• _Excerpts from a dataset_

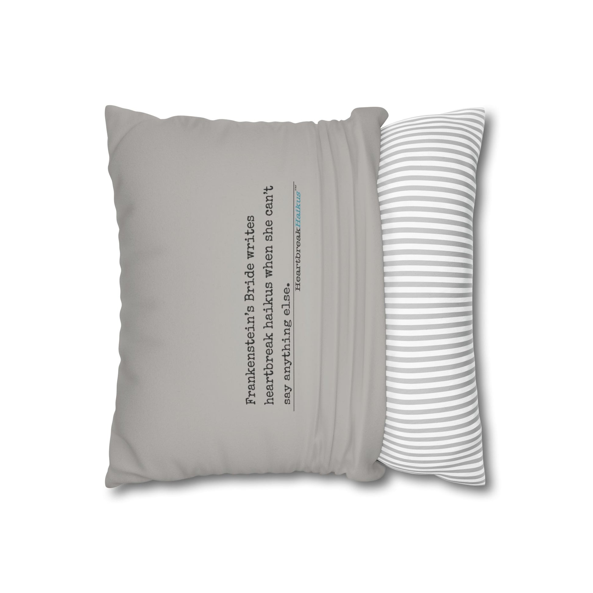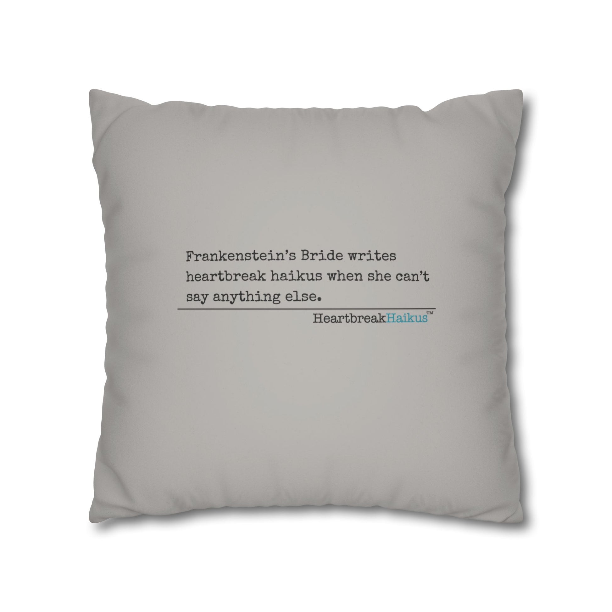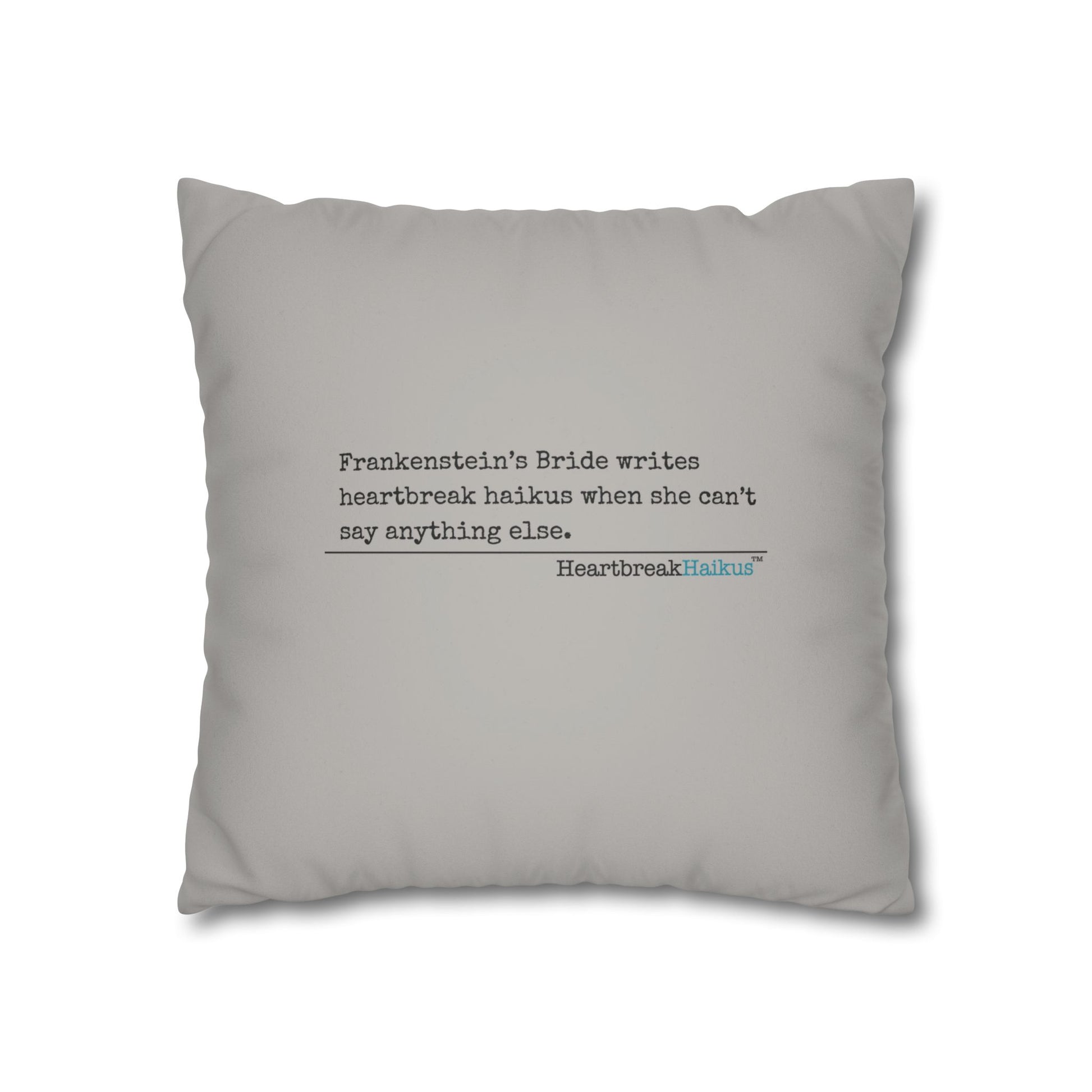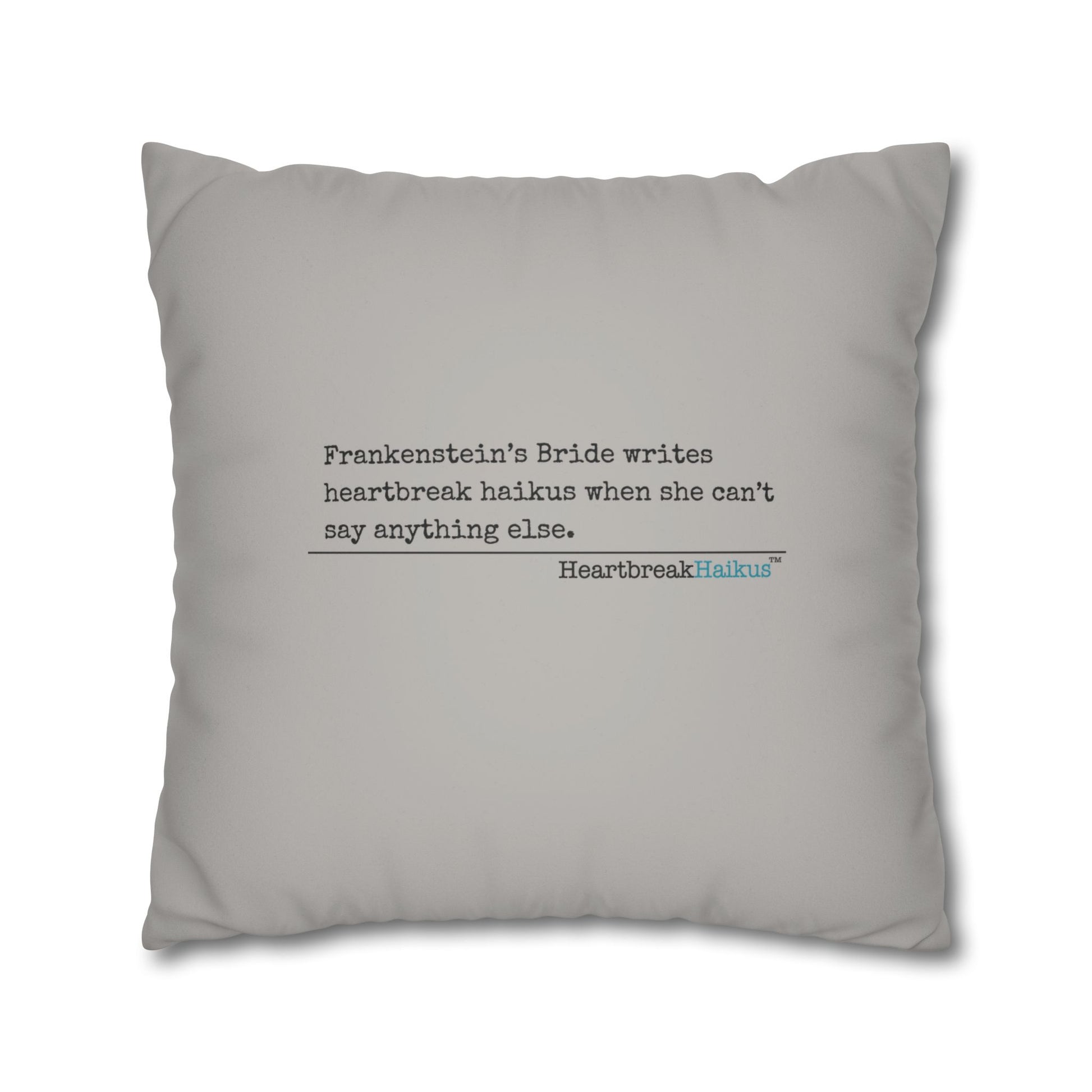 Frankenstein's Bride Writes Heartbreak Haikus - Faux Suede Square Pillowcase (in light grey)
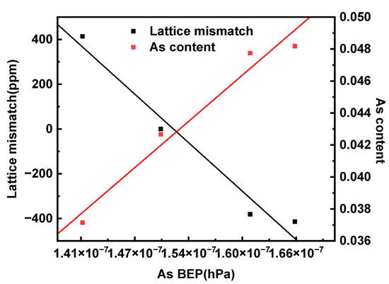 A linear relationship between the As content of AlGaAsSb and the As beam equivalent pressure (BEP) in low-As-content conditions has been reported [23]. An experiment was conducted to determine the As BEP dependence of As content in our equipment. The substrate temperature was calibrated by the 2 × 5 → 1 × 3 reconstruction transition of the GaSb surface, which is set as Tc, according to RHEED observations, and the growth temperature is 130 °C above Tc for high-quality AlGaAsSb epitaxy. The lattice mismatch was experimentally deduced from the HRXRD diffraction peak position difference of the epitaxial layer and substrate, according to Equation (2) [24].
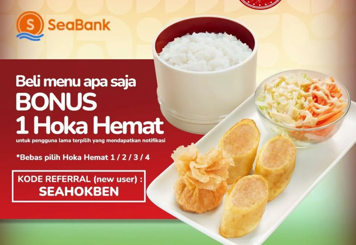 Dikutip dari Instagram HokBen Indonesia, buat Anda pengguna SeaBank, pembelian menu apa saja di HokBen, bisa dapat bonus 1 Hoka Hemat. Anda bebas memilih Hoka Hemat 1/2/3/4.
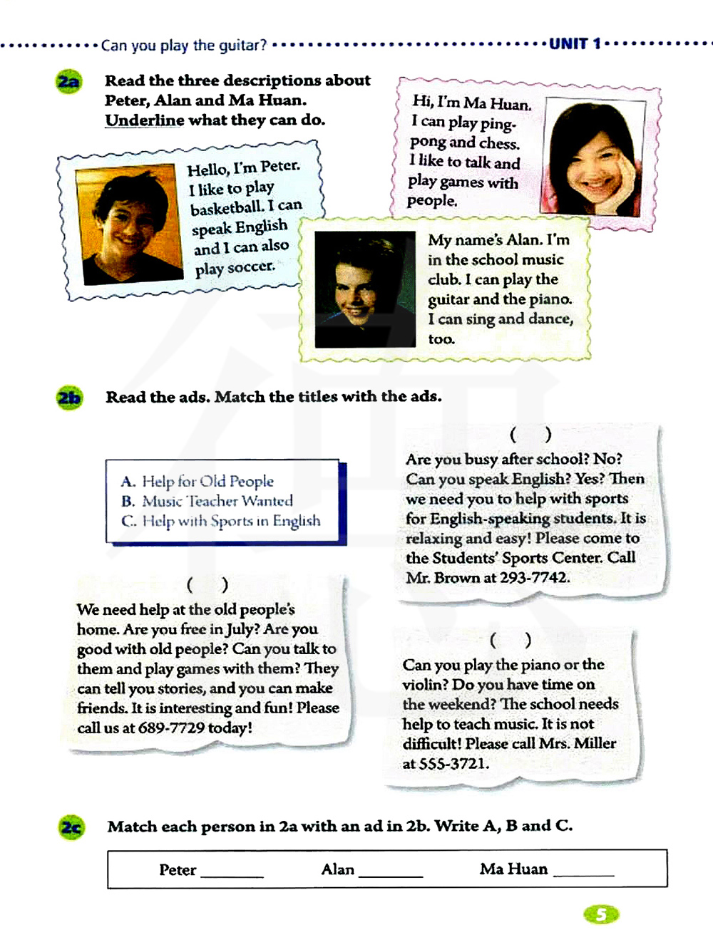 你好,我叫艾伦。我在学校的音乐俱乐部。我会弹吉他和钢琴,我也会唱歌和跳舞。
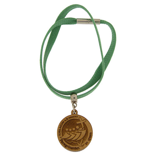 Der Anhänger, 2,7 cm Durchmesser, aus hochwertigem Olivenholz mit präziser Gravur des Jubiläumslogos 2025, ist von dem lateinischen Motto ''Peregrinantes in spem'' begleitet.

• _REQUIREMENT_
Without including any pictures, reproduce the data exactly.

• _ANSWER SECTION_
 Frankenstein's Bride Writes Heartbreak Haikus - Faux Suede Square Pillowcase (in light grey)
 A linear relationship between the As content of AlGaAsSb and the As beam equivalent pressure (BEP) in low-As-content conditions has been reported [23]. An experiment was conducted to determine the As BEP dependence of As content in our equipment. The substrate temperature was calibrated by the 2 × 5 → 1 × 3 reconstruction transition of the GaSb surface, which is set as Tc, according to RHEED observations, and the growth temperature is 130 °C above Tc for high-quality AlGaAsSb epitaxy. The lattice mismatch was experimentally deduced from the HRXRD diffraction peak position difference of the epitaxial layer and substrate, according to Equation (2) [24].
 Dikutip dari Instagram HokBen Indonesia, buat Anda pengguna SeaBank, pembelian menu apa saja di HokBen, bisa dapat bonus 1 Hoka Hemat. Anda bebas memilih Hoka Hemat 1/2/3/4.
 你好,我叫艾伦。我在学校的音乐俱乐部。我会弹吉他和钢琴,我也会唱歌和跳舞。
 Der Anhänger, 2,7 cm Durchmesser, aus hochwertigem Olivenholz mit präziser Gravur des Jubiläumslogos 2025, ist von dem lateinischen Motto ''Peregrinantes in spem'' begleitet.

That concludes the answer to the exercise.